◆ Input data ◆
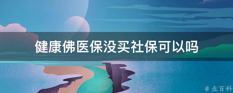健康佛医保没买社保可以,因为健康佛医保和社保是两个不同的保险概念。健康佛医保是某个具体地区或机构提供的一种商业保险产品或计划,为个人提供医疗保险和健康保障。而社保是指由政府设置和管理的一种社会保障制度,为公民提供社会福利和保障。社会保险通常包括医疗保险、养老保险、失业保险、工伤保险和生育保险等。
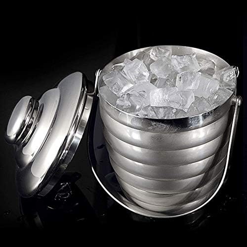 Cubeta de hielo aislada – Cubitera de acero inoxidable de doble pared con pinzas para hielo, cuchara, tapa
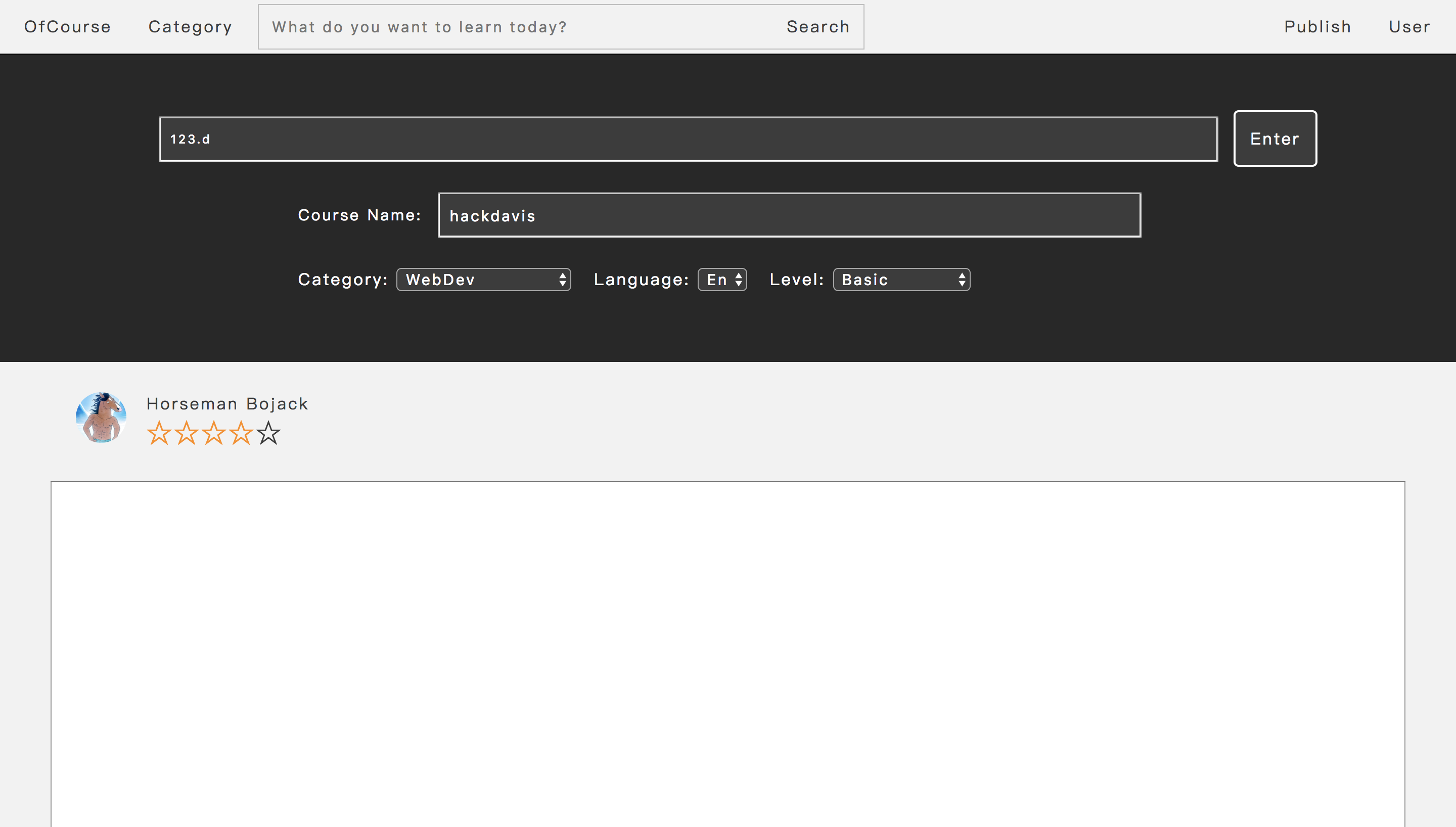 This page is for user writing a whole new comment. The top input bar is for inserting url of the online course. If the course is in our database, our system will fill all information of the course automatically. If the course isn't in our database, user should fill all information manually.
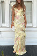 Experience effortless elegance and feminine charm with our Meridress Spaghetti Strap Backless Ruffle Trim Printed Maxi Dress. The delicate spaghetti straps. backless design. and elegant ruffle trim will elevate your style and make heads turn. Perfect for a summer event or a day at the beach. Feel confident and beautiful in this must-have dress!
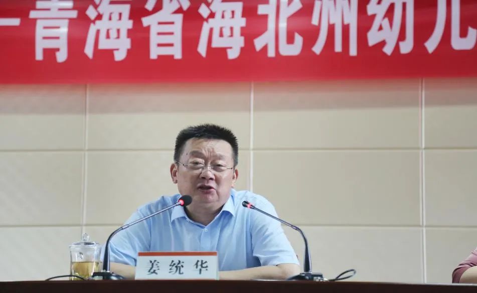 盐城幼儿师范高等专科学校校长姜统华作致辞。在讲话中他代表盐城幼专欢迎青海省海北州幼儿园园长的远道而来,通过富有文采的话语生动地介绍了盐城以及盐城幼专,并对本次培训的部署进行了简要说明。为了顺利完成培训工作,他强调:希望大家提高思想站位,以“空杯”的心态参加培训;希望大家快速转变角色,以“断舍离”的行动参加培训;希望大家关注各项安全,以“自觉者”的标杆参加培训。
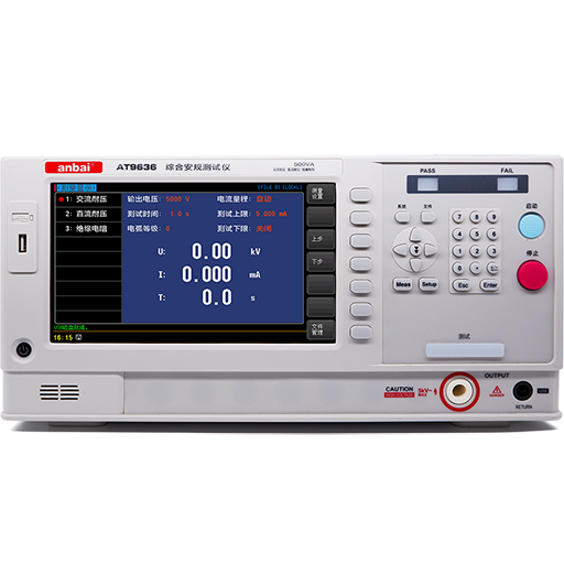 AT9636 電氣安全性能綜合分析儀是集電氣強度(交/直流耐壓)、絕緣電阻多項測試功能于一體的儀器,額定輸出5kV100mA輸出容量500VA,是各電器生產廠家和質檢部門重要的檢測設備。
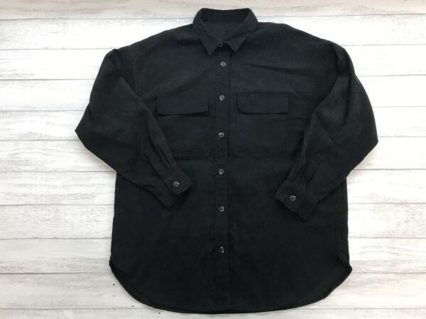 > GU ジーユー レトロ カジュアルモード 古着 ややストレッチ ビッグシルエット コーデュロイ シャツ ジャケット レディース L 黒
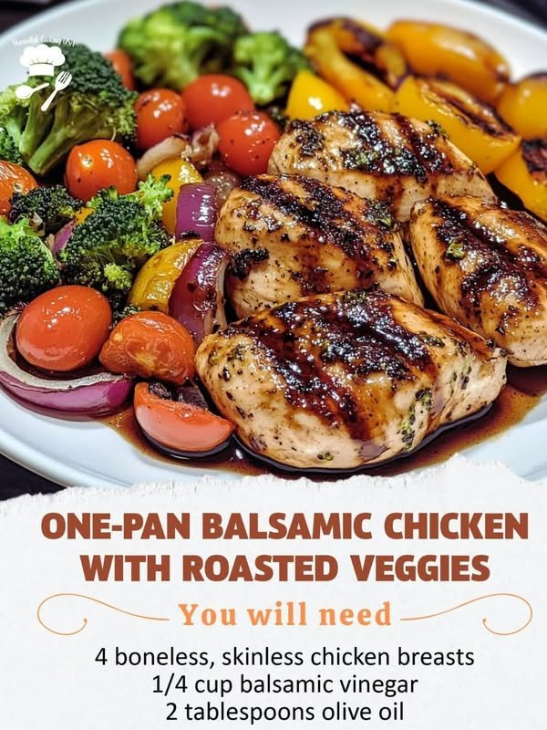 Here’s a delicious recipe for One-Pan Balsamic Chicken with Roasted Veggies, along with its SmartPoints value. This dish is not only flavorful but also easy to prepare, making it perfect for a weeknight dinner.
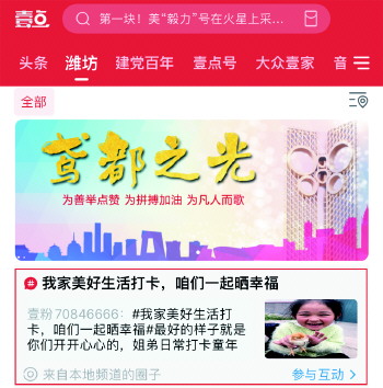 本次活动为潍坊市妇联发起,齐鲁晚报·齐鲁壹点承办,除了在齐鲁壹点APP上获得较好反响外,活动还在其他社交媒体及线下社群中引发互动。潍坊市民刘女士说:“我身边有好多朋友都参与打卡了,还有人‘炫耀’自己发布的内容得到了很多点赞,朋友圈里也有不少人转发。”她告诉记者,大家的参与度都很高,分享幸福的难度也低,“就跟发朋友圈似的,能发照片也能发视频。”
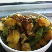豆角、五花肉、土豆、葱、泰椒、姜、蒜。
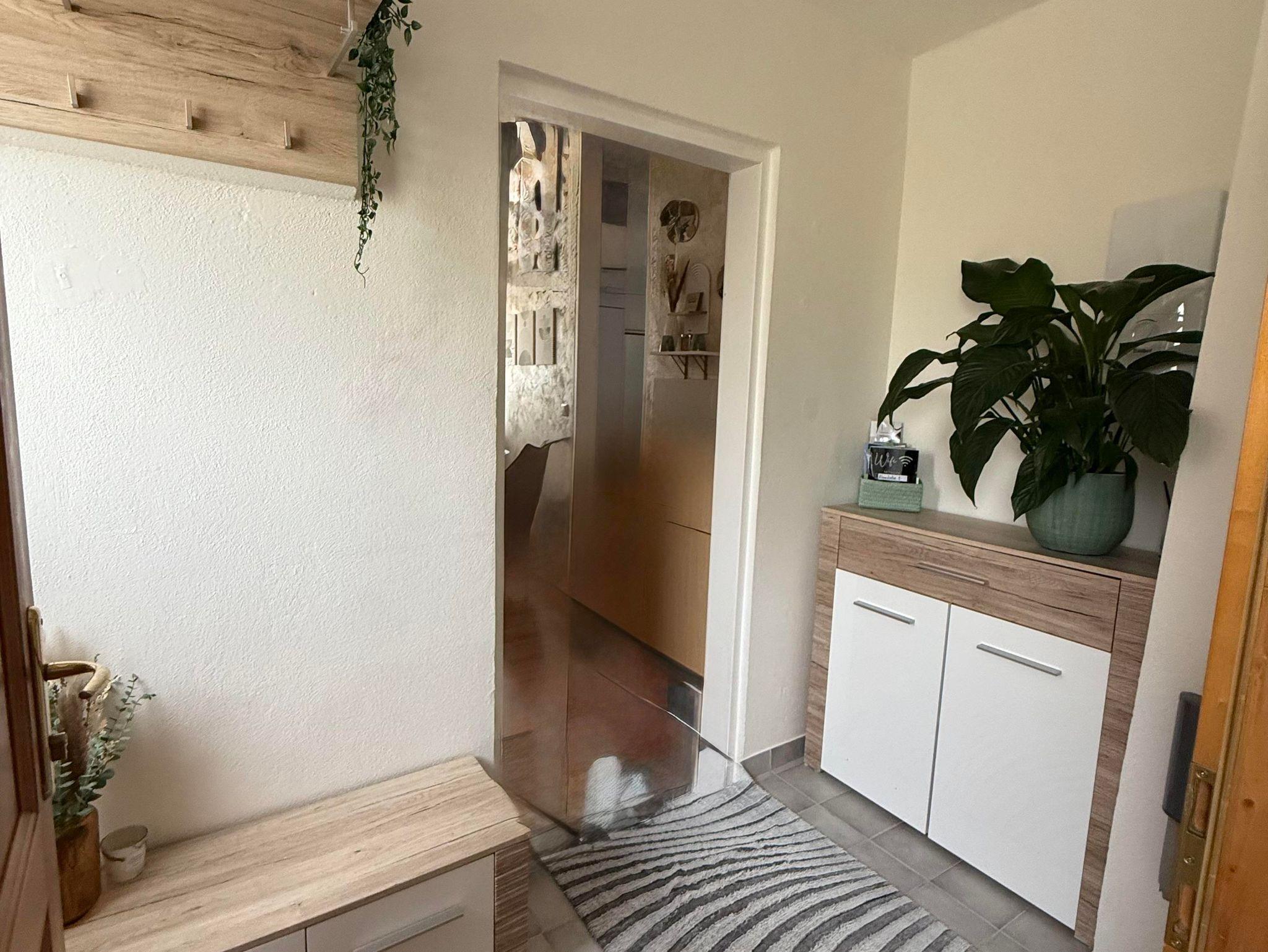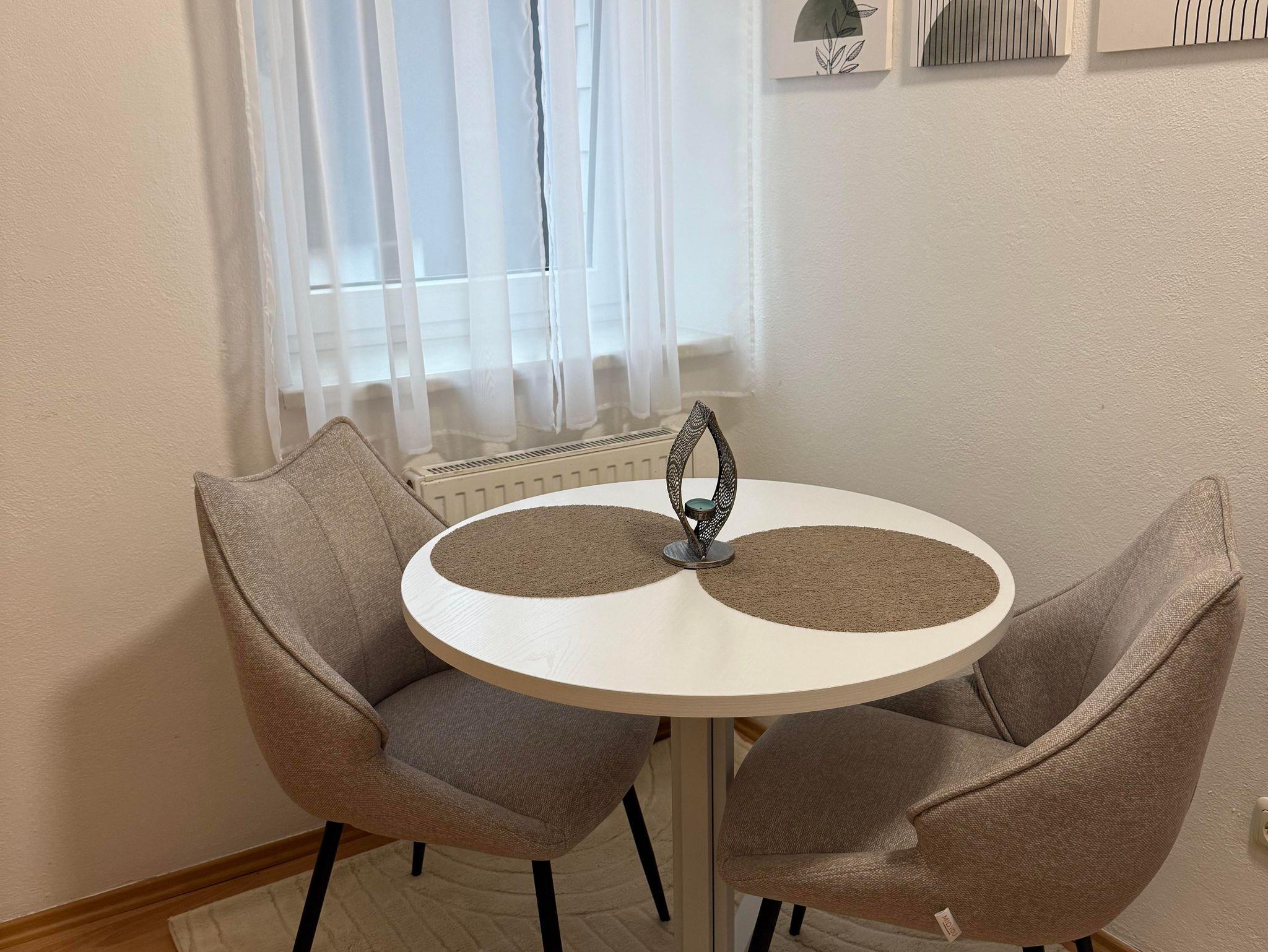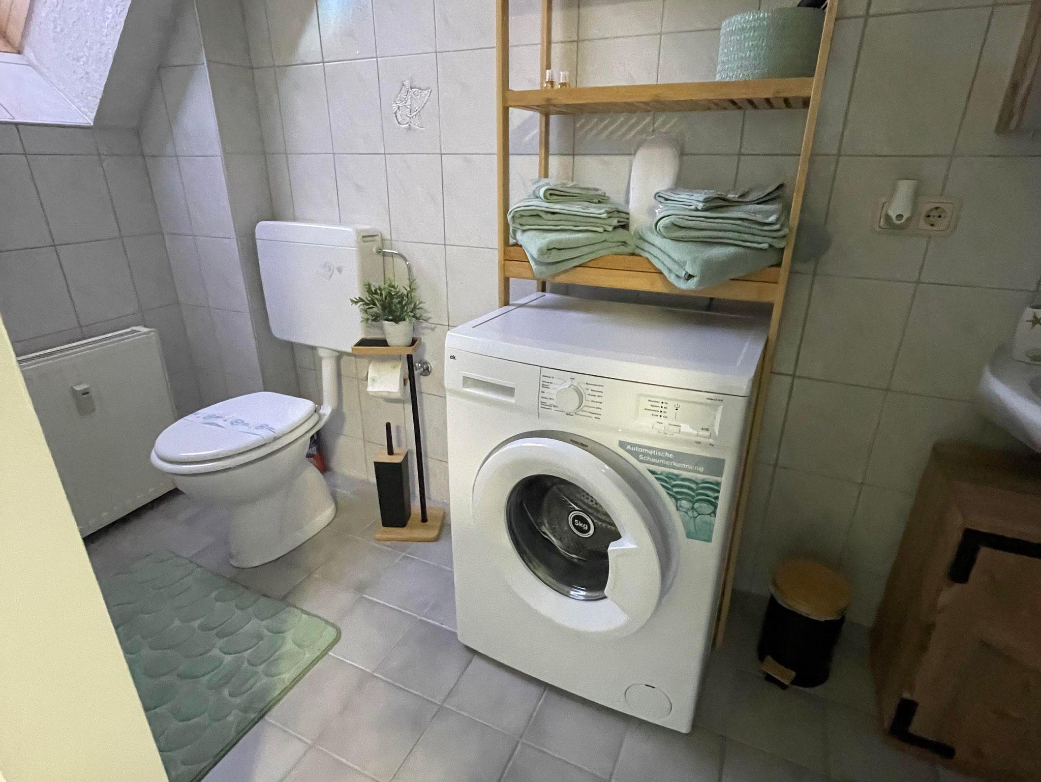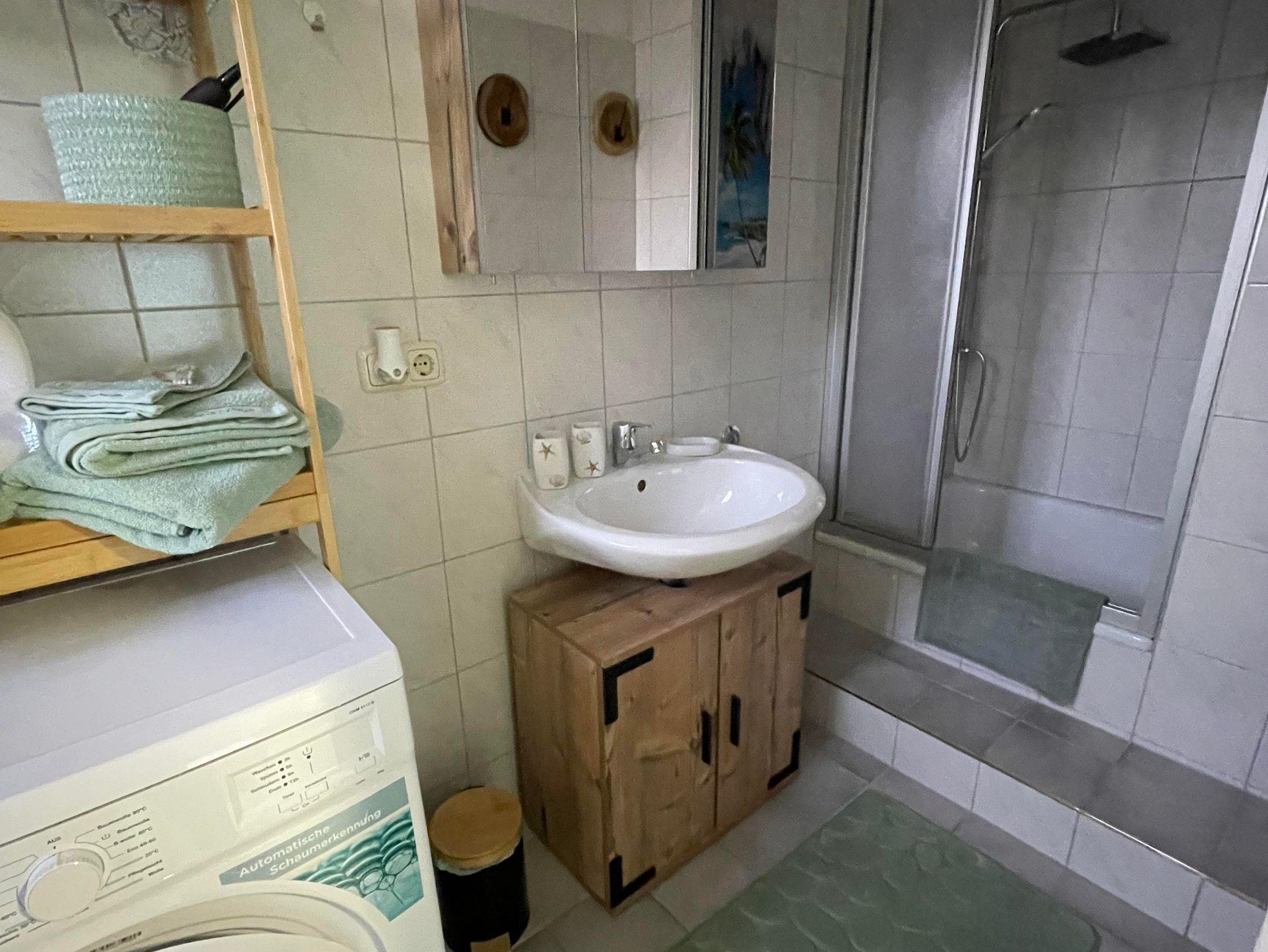 Die Küche ist ausgestattet mit allen notwendigen Annehmlichkeiten, wie einem Kühlschrank, Herd, Kaffeemaschine, Toaster, Wasserkocher und einer Mikrowelle. Eine kleine, einladende Küchenzeile bietet ausreichend Platz zum Kochen und Vorbereiten von Mahlzeiten. Ein kleines Badezimmer mit Dusche rundet die Wohnung ab und sorgt für Bequemlichkeit.
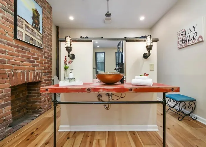 Nestled conveniently at just 30 kilometers from the bustling Pittsburgh International Airport, Hostwise Stays offers an ideal retreat for travelers seeking both relaxation and accessibility. This contemporary accommodation provides guests with free parking, ensuring a hassle-free arrival and departure. The holiday home's distinct charm is marked by its cool, inviting spaces and unique spiral stairs that lead to beautifully designed guest rooms. At Hostwise Stays Pittsburgh, each room is a testament to comfort, blending modern design with a warm ambiance. Guests can revel in the serene setting while enjoying thoughtful amenities that enhance their stay. Every room is equipped with essential features, providing a perfect haven after a long day of exploring the city or conducting business.
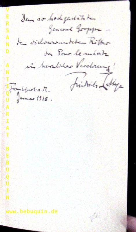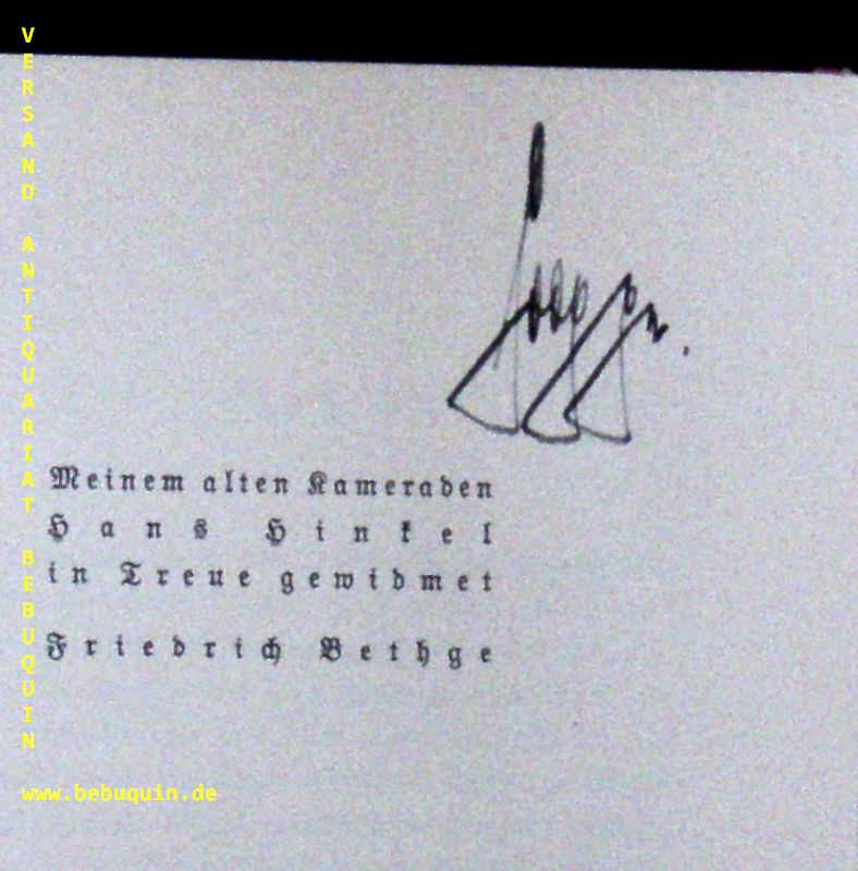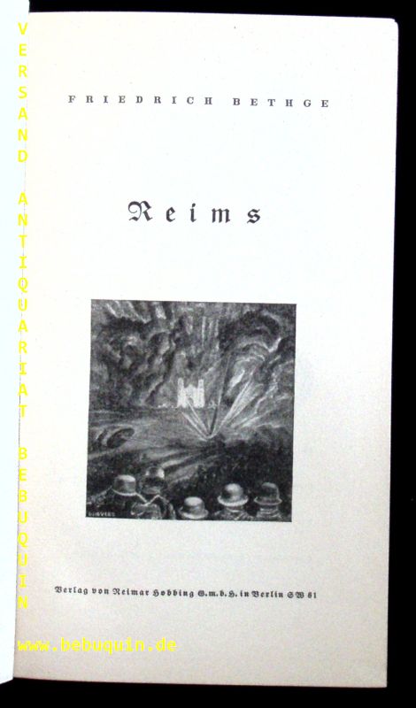 GROPPE.– BETHGE, Friedrich: Reims. Berlin (Hobbing), 1934. 93 S. mit 4 Doppeltafeln von L. Sievert und Titelvignette. ill. OHLn. oberes Kap. etwas angeplatzt, sonst gut. EA mit einer 8zeiligen voll signierten und datierten (1938) Verfasserwidmung an „den so hochgeschätzten General Groppe – den vielverwundeten Ritter des Pour le mérite in herzlicher Verehrung″ auf dem Vorsatz sowie der eigenhändigen Signatur Groppes auf der Widmungsseite. Theodor Groppe, auch der Schwarze General genannt, (* 16. August 1882 in Trier; † 28. April 1973 ebenda) war ein deutscher Generalleutnant im Zweiten Weltkrieg. Aufgrund seiner regimekritischen Haltung wurde er 1933 und Ende 1941 aus der Wehrmacht entlassen. (Wikipedia)

◆ Exercise instructions ◆
Print from the line containing "AT9636 電氣安全性能綜" through the line containing "Die Küche ist" in the data above, exactly as the lines stand, and omit every picture.

◆ Exercise response ◆
 AT9636 電氣安全性能綜合分析儀是集電氣強度(交/直流耐壓)、絕緣電阻多項測試功能于一體的儀器,額定輸出5kV100mA輸出容量500VA,是各電器生產廠家和質檢部門重要的檢測設備。
 > GU ジーユー レトロ カジュアルモード 古着 ややストレッチ ビッグシルエット コーデュロイ シャツ ジャケット レディース L 黒
 Here’s a delicious recipe for One-Pan Balsamic Chicken with Roasted Veggies, along with its SmartPoints value. This dish is not only flavorful but also easy to prepare, making it perfect for a weeknight dinner.
 本次活动为潍坊市妇联发起,齐鲁晚报·齐鲁壹点承办,除了在齐鲁壹点APP上获得较好反响外,活动还在其他社交媒体及线下社群中引发互动。潍坊市民刘女士说:“我身边有好多朋友都参与打卡了,还有人‘炫耀’自己发布的内容得到了很多点赞,朋友圈里也有不少人转发。”她告诉记者,大家的参与度都很高,分享幸福的难度也低,“就跟发朋友圈似的,能发照片也能发视频。”
豆角、五花肉、土豆、葱、泰椒、姜、蒜。
 Die Küche ist ausgestattet mit allen notwendigen Annehmlichkeiten, wie einem Kühlschrank, Herd, Kaffeemaschine, Toaster, Wasserkocher und einer Mikrowelle. Eine kleine, einladende Küchenzeile bietet ausreichend Platz zum Kochen und Vorbereiten von Mahlzeiten. Ein kleines Badezimmer mit Dusche rundet die Wohnung ab und sorgt für Bequemlichkeit.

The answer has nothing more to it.